Feature Smartphones nowadays come with big screens, megapixel-packed cameras and, thanks to apps, many, many more features than anyone could have dreamed of in the early days of mobile telephony. It has even reached the stage where making telephone calls is just one small part of a modern phone. And yet the need to support all the radio technologies punters expect to be able to use, for voice and for data, ensures that wireless communications is still the hardest part of a phone’s design to get right.
Just ask the guys who worked on the iPhone 4...
Steve Jobs explains Apple's grip-of-death iPhone 4 antenna design
That was in 2010. Today, more than two years later, your typical smartphone is even more complex, wirelessly speaking. A 2012 handset might be expected to feature Wi-Fi in two different bands: 2.4GHz and 5GHz. Bluetooth too, in the 2.4GHz band. Then there’s 4G LTE for fast data communications and 3G for voice - because 4G can’t yet do voice properly - and for data in places where 4G hasn’t been rolled out yet. Just in case the user roams into a region without 3G either, phones still have to support 2G. All this cellular goodness has to work across a range of frequency bands to support different carriers in different countries.
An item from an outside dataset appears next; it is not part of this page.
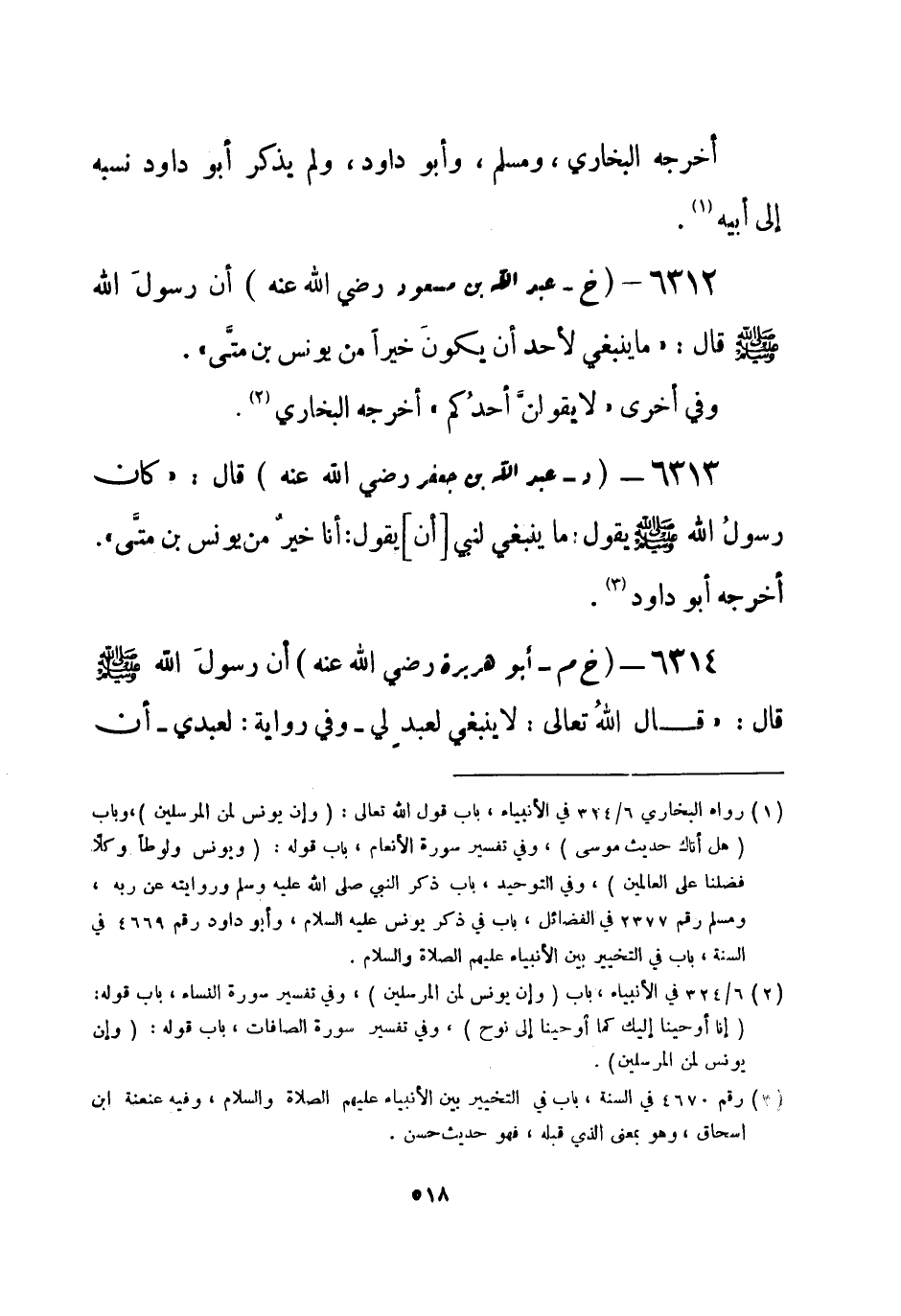 6312 - (خ) عبد الله بن مسعود - رضي الله عنه - أن رسولَ الله - صلى الله عليه وسلم- قال: «ما ينبغي لأحد أن يكونَ خيراً من يونس بن متَّى» .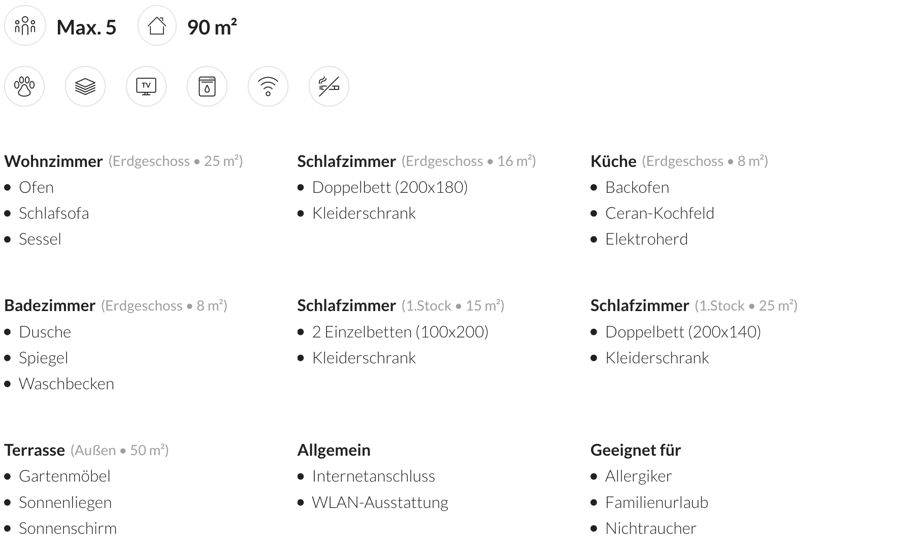Die Vogesenhütte ist sehr komfortabel ausgestattet und es sollte Ihnen während Ihres Aufenthalts eigentlich an nichts fehlen. Hier noch einmal die wichtigsten Eckdaten:

Oh, and don’t forget there’s more wireless goodness coming. Devices are soon going to have to start supporting 60GHz short-range, high-speed data transfer communications if they’re to continue offering the full 802.11 standard. WiGig - aka Wireless Gigabit - builds on the agreed 802.11ad 60GHz specification and it’s coming in 2013-2014, trailing new pick-up specifications in its wake.
To get the promised ever higher data transfer rates, devices need to stick to these newer radio specifications very closely. Old, broad tolerances which might have been acceptable in the GSM and GPRS days will no longer do. That means more effort needs to be put in to get each antenna turned correctly from the off.
To make it all work, today’s smartphones need multiple, pre-tuned antennae and a host of different chips to manage the signals for each of these technologies. And they all have to fit within the phone’s casing. No one, after all, wants to go back to extendible external aerials.
Were punters happy with ever-fatter phones, that would be much less of an engineering problem than it is, but they’re not - they want thin, pocket-friendly devices.
The solution might seem obvious: build in a single, universal radio able to hop across all those radio technologies and frequencies at will. It’s an answer that’s easy to state, rather harder to realise.
Back in September 2011, Samsung released a Windows Phone smartphone, the Focus Flash, which featured a little-known first: it contained a radio frequency micro-electromechanical system (RF-MEMS). This tiny chip, developed by WiSpry, a company based in Irvine, California, was capable of physically changing its impedance under the influence of a software. The upshot: it could be used to dynamically tune the Focus Flash’s antenna to meet the needs of some if not all of the radio technologies the phone uses.
WiSpry has been working on RF-MEMS chips for more than ten years. Indeed, MEMS makers have been shipping these kinds of chips since the middle of the last decade. Getting them to work with mobile phones has long been a goal, but it’s proved hard to attain. While phones were chunky and could be stuffed with all the antennae they needed, there wasn’t much need to implement RF-MEMS in handsets. There were fewer radio technologies to support too.